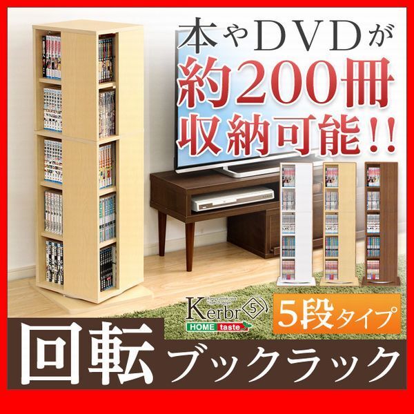 - 本棚★回転ブックラック 5段/コンパクト 省スペース 39x39cm/大容量 収納 本 200冊 DVD 200枚 CD 280枚/ナチュラル ウォールナット 白/zz
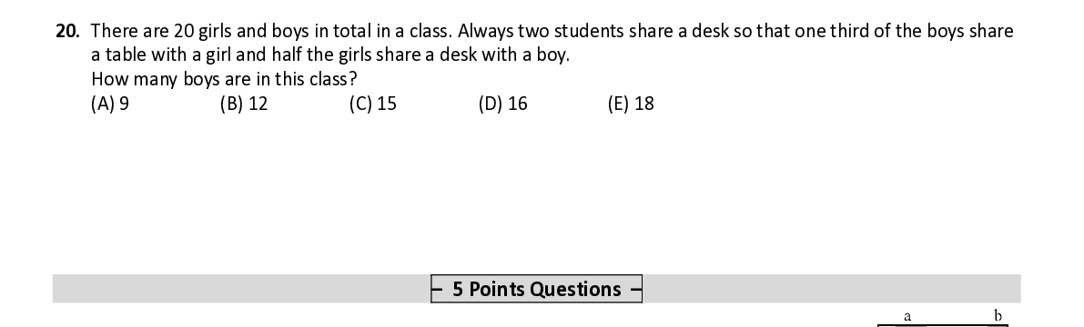 Q20. There are 20 girls and boys in total in a class . Always two students share a desk so that one third of the boys share a table with a girl and half the girls share a desk with a boy. How many boys are in this class ?
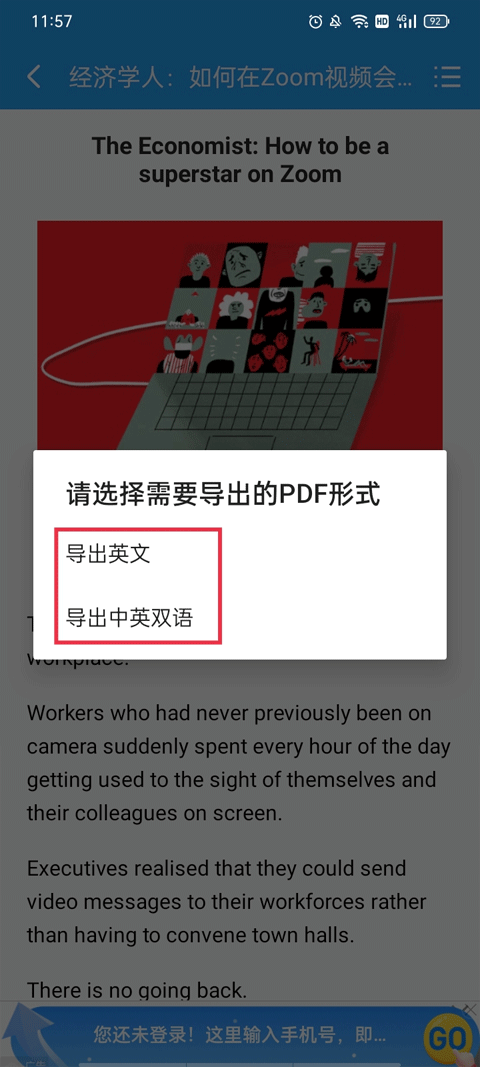 选择你想要导出文章的PDF形式,选好后进入下一步。
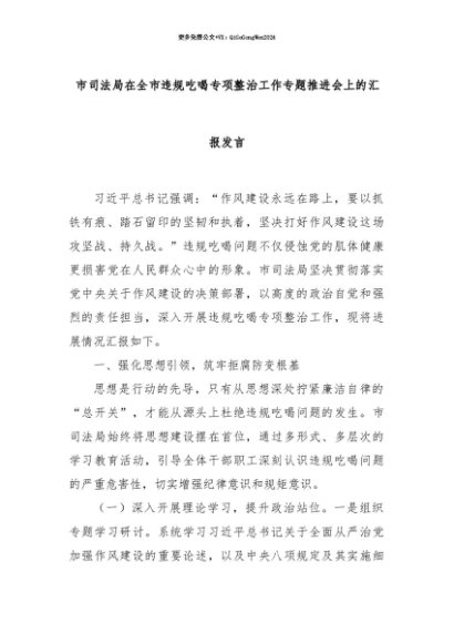 【七哥公文】2025年:【七哥公文】市司法局在全市违规吃喝专项整治工作专题推进会上的汇报发言+更多免费公文+VX:QiGeGongWen2024+更多免费公文+VX:QiGeGongWen2024
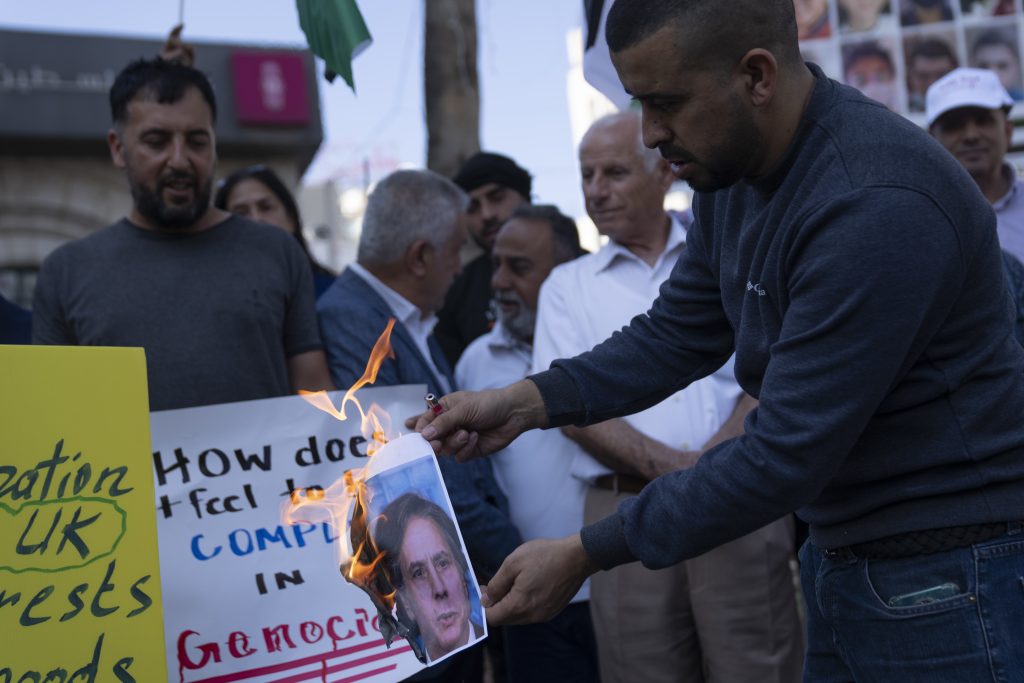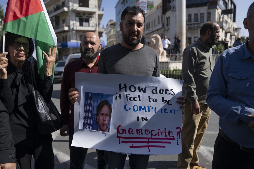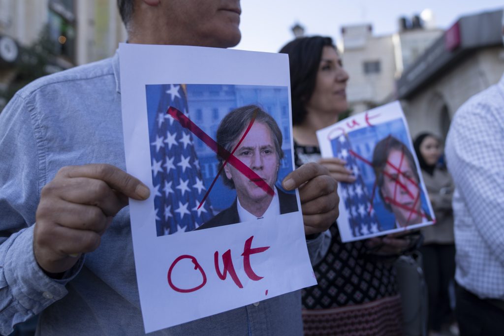 As word spread of BlinkenĢƵ arrival in Ramallah, Palestinians turned out to protest U.S. support for IsraelĢƵ war. Demonstrators held signs showing dripping blood and with messages that included, “Blinken blood is on your hands.”
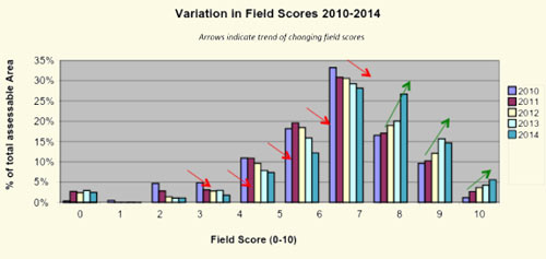 The results-based payment system allows farmers greater freedom to decide how to manage their land (with advice if needed) and also guarantees the taxpayer better value for money - no delivery, no payment! It also generates data (see graph below) which demonstrates the positive environmental impact of Burren Life. This graph shows that, between 2010 and 2014, the area of Burren grassland in very good condition (scoring 8, 9, 10) increased and the area in poorer condition (scoring 3-7) decreased.
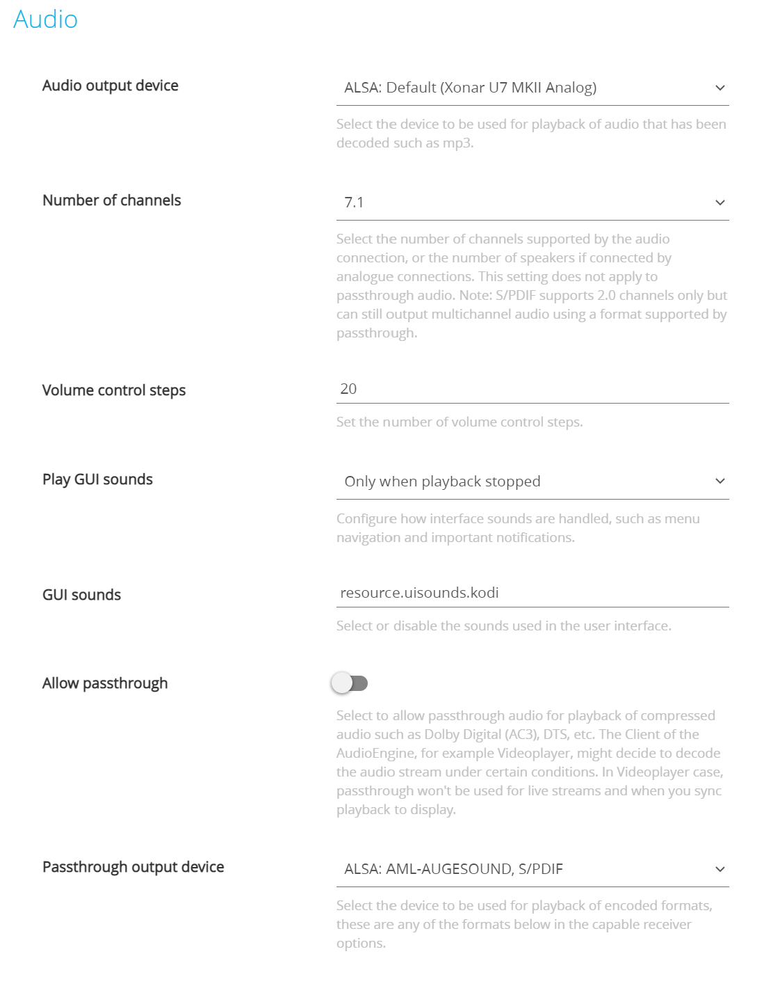 I have an issue I haven't been able to fix. The usb sound card [asus xonar u7 mkii] when selected to output analog 7.1 in kodi only outputs analog stereo.
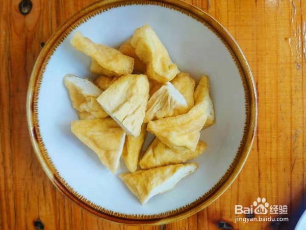 油豆腐对半切开。(油豆腐切开烹饪会比较方便入味)
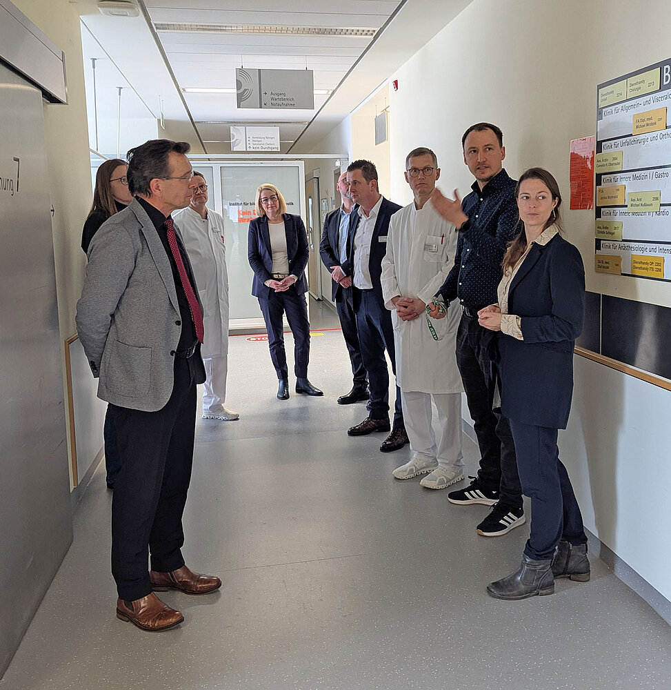 Im Anschluss gab es einen intensiven Dialog mit Mitgliedern der Hausleitungen des Katholischen Krankenhauses “St. Johann Nepomuk" sowie des “St. Elisabeth” Krankenhauses in Lengenfeld unterm Stein, insbesondere zu wichtigen Themen wie beispielsweise Altersmedizin, Geburtshilfe und Robotik in der Medizin. Besonderes Augenmerk lag auf der Diskussion über die Krankenhausreform, Leistungsgruppen und der politischen Weichenstellung, die für die Weiterentwicklung der Gesundheitsversorgung von großer Bedeutung sind. Der Austausch war sehr konstruktiv und bietet wertvolle Impulse für die zukünftige Gestaltung der Krankenhauslandschaft. Ein kurzer Rundgang durch das Haus sowie ein Gespräch mit der Mitarbeitervertretung rundeten den Besuch ab.
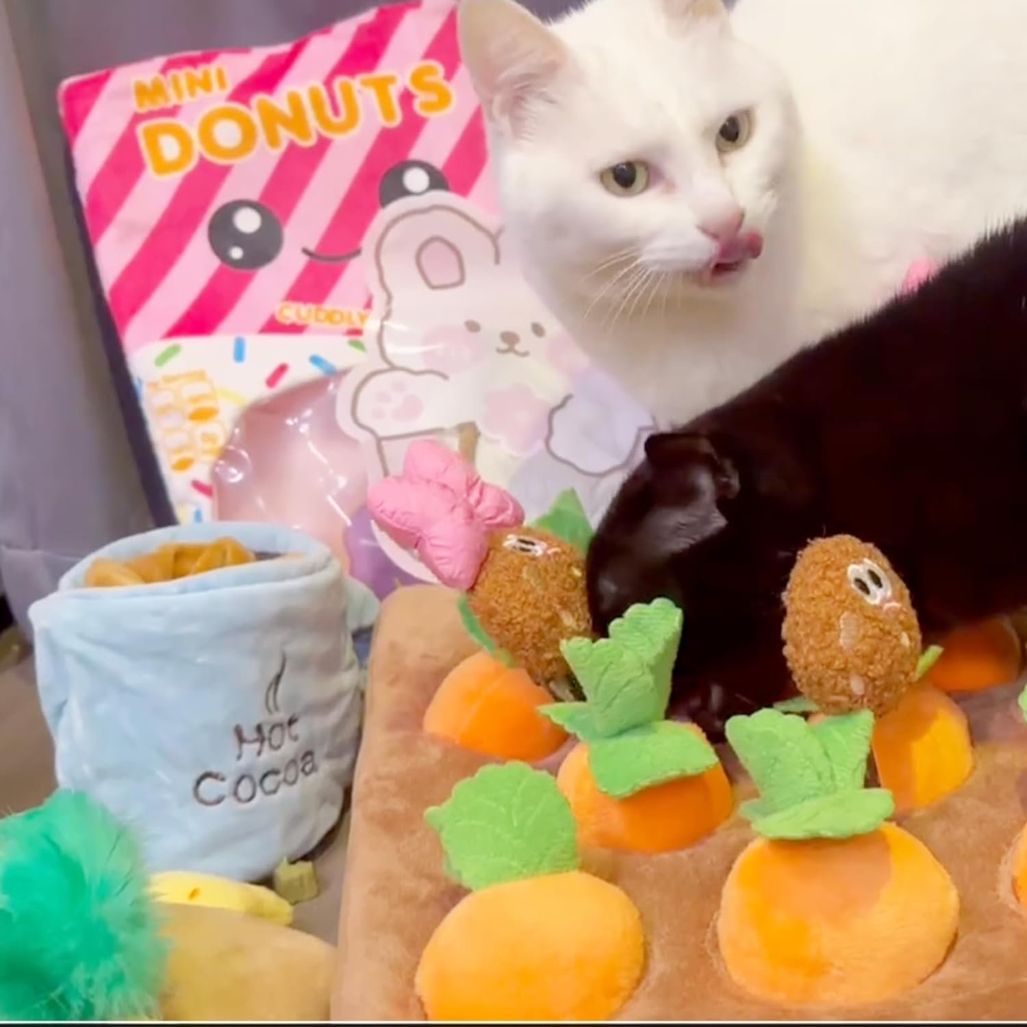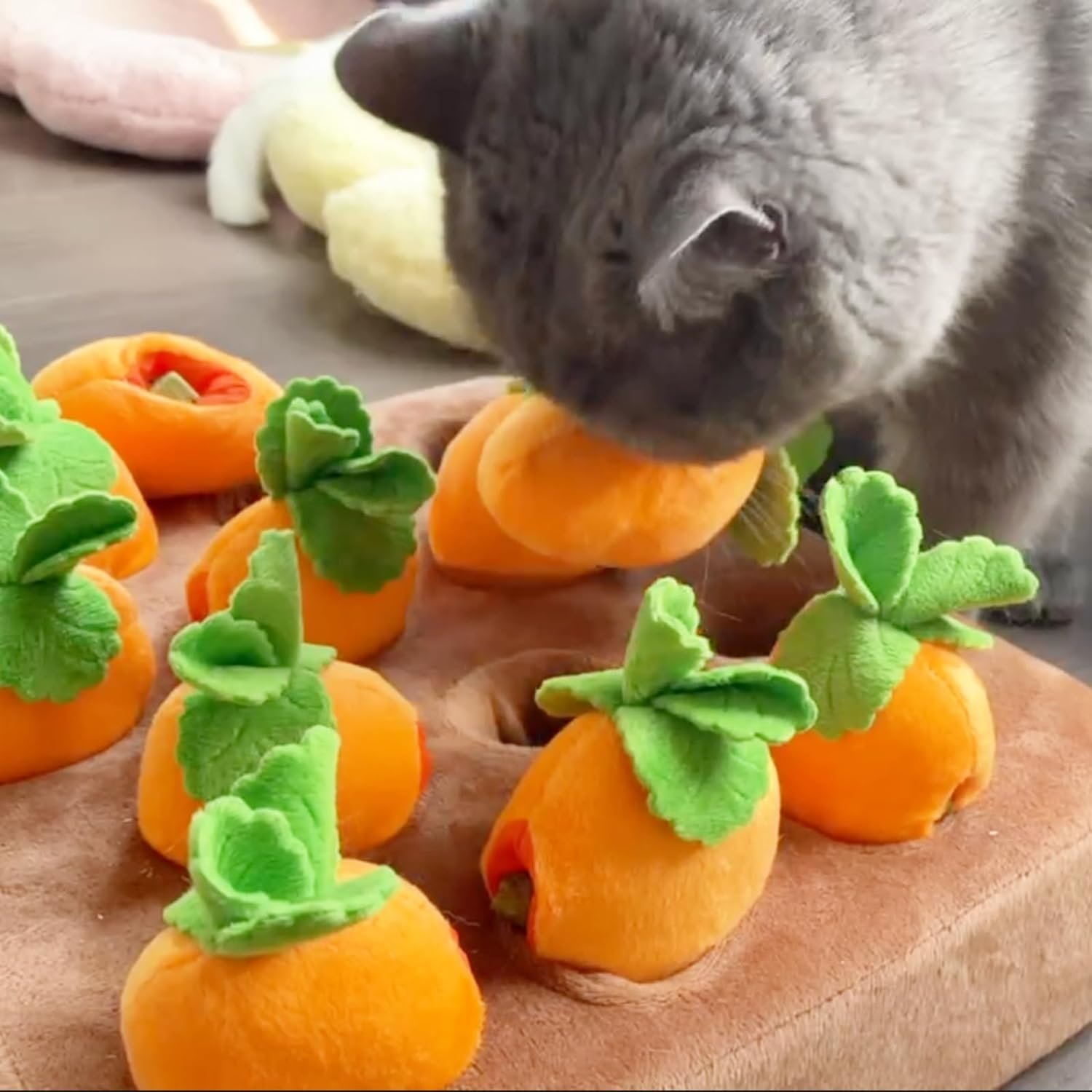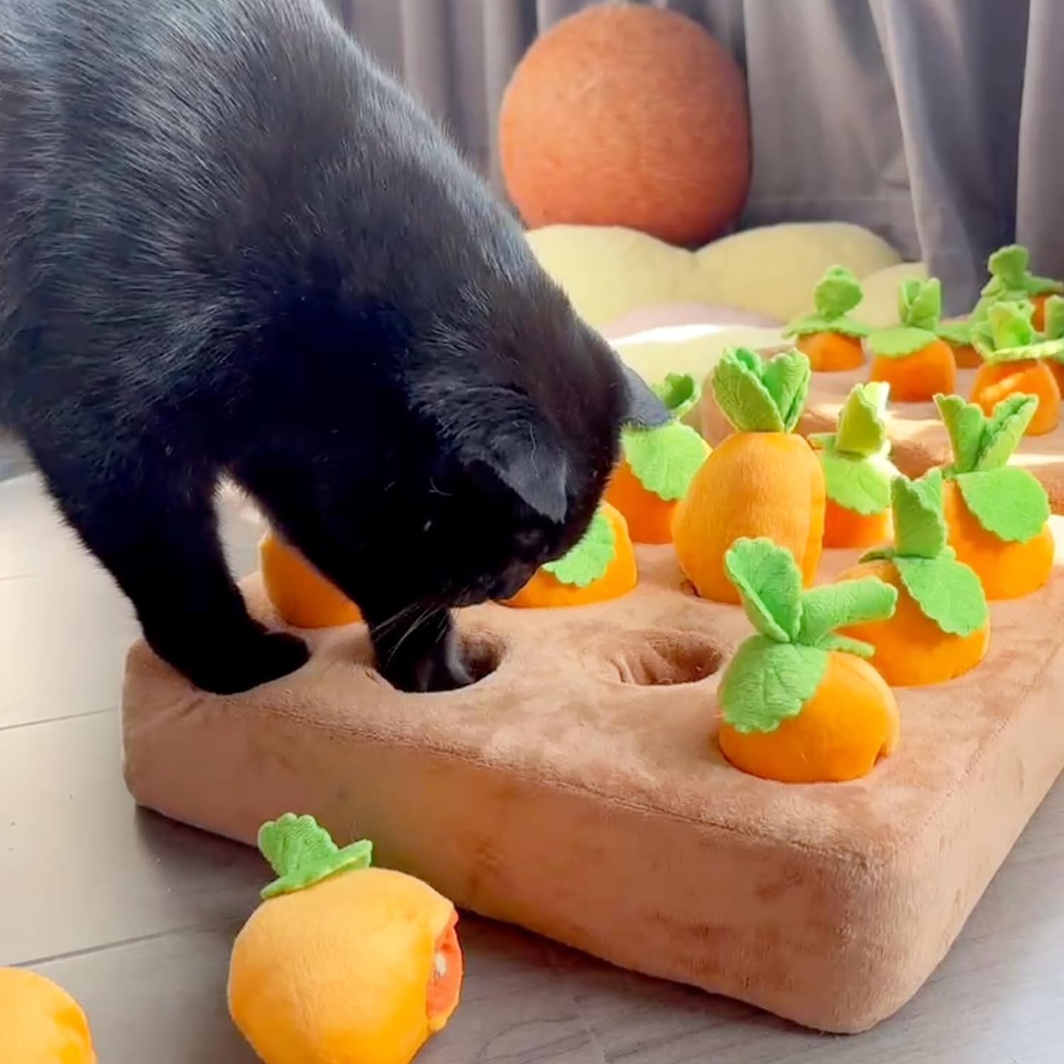 💡VERSATILE TREAT PUZZLE: Place your cat’s favorite treats inside or under the carrots to keep your pet entertained with hours of digging and sniffing fun. Best indoor cat toy for brain and physical stimulation!
━━━━
*What the task asks*.
Working from the records above, set down word for word everything from the line containing "I have an issue" down to the line containing "油豆腐对半切开。(油豆腐切开烹饪会比较方便入味)", ends included, minus the pictures.

*Output*.
 I have an issue I haven't been able to fix. The usb sound card [asus xonar u7 mkii] when selected to output analog 7.1 in kodi only outputs analog stereo.
 油豆腐对半切开。(油豆腐切开烹饪会比较方便入味)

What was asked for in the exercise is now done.